1.2.2 SSL Considerations

The Job Launcher can be configured to use SSL via the use of the certificate-file and certificate-key-file options above. When the Launcher is configured to use SSL, any node(s) connecting to the Launcher must ensure that the hostname configured in their address field matches the FQDN of the Common Name or Subject Alternate Name of the certificate that is presented by the Launcher. If the hostnames do not match exactly, SSL verification will fail, preventing connections to the Job Launcher.
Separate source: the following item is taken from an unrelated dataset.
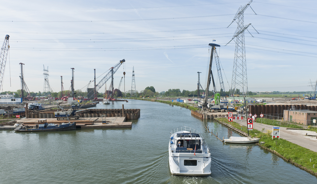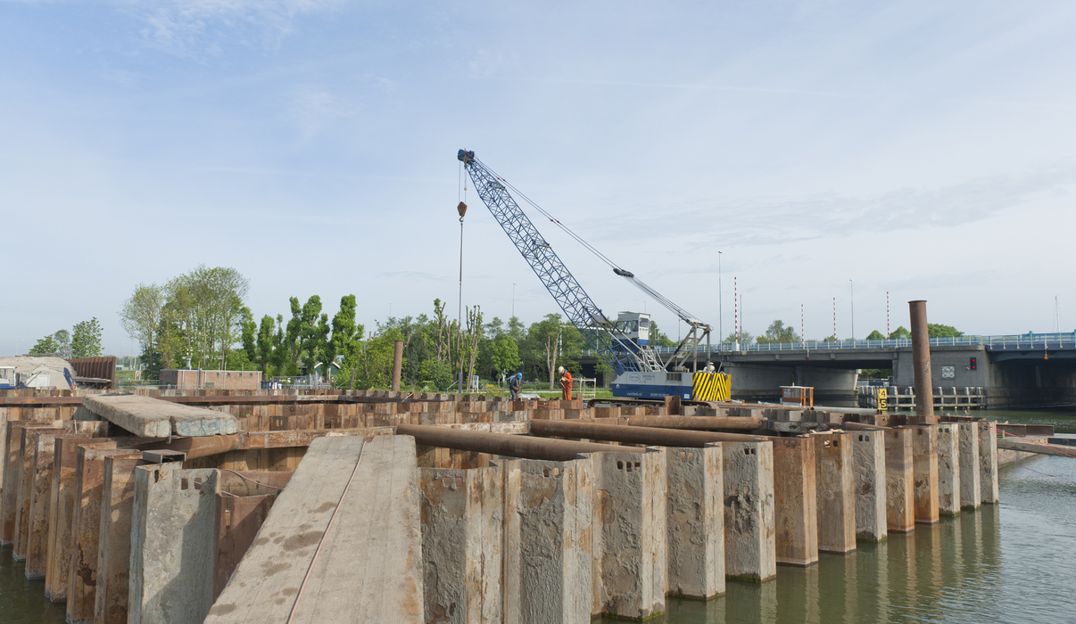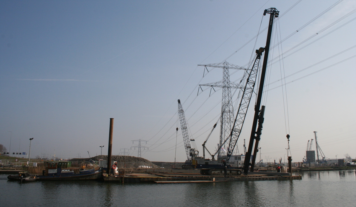 In opdracht van Bouwcombinatie K. Dekker en Ooms Construction voert Gebr. van ’t Hek in onderaanneming het heiwerk uit voor de nieuwe Spieringbrug over de Vecht bij Muiden.

The certificate files must be readable by the server-user user account, and it is recommended that the permissions be very restrictive to prevent leaking of the private key. This can be accomplished by setting the permissions to 600 and changing the owner to the server-user account. For example, if the server-user is set to the default rstudio-server account:

/etc/rstudio/launcher.conf

certificate-file=/etc/rstudio/launcher.crt
certificate-key-file=/etc/rstudio/launcher.key
sudo chmod 0600 /etc/rstudio/launcher.crt
sudo chmod 0600 /etc/rstudio/launcher.key
sudo chown rstudio-server /etc/rstudio/launcher.crt
sudo chown rstudio-server /etc/rstudio/launcher.key

Additionally, both the Job Launcher root certificates need to be imported into the trusted root certificate store on the systems that are accessing those addresses. For example, RSP server nodes connecting to the Launcher need to have the Job Launcher root certificate installed in their trusted certificate store to ensure that certificate verification works correctly. The exact steps for importing a certificate into the trusted root store are operating system specific and outside of the scope of this document.

1.2.3 Job Launcher Plugin Configuration

Each specific cluster plugin can be additionally configured via its own configuration file, and some plugins (such as the Kubernetes plugin) require additional configuration. Documentation for all plugins created by RStudio can be found in the following sections.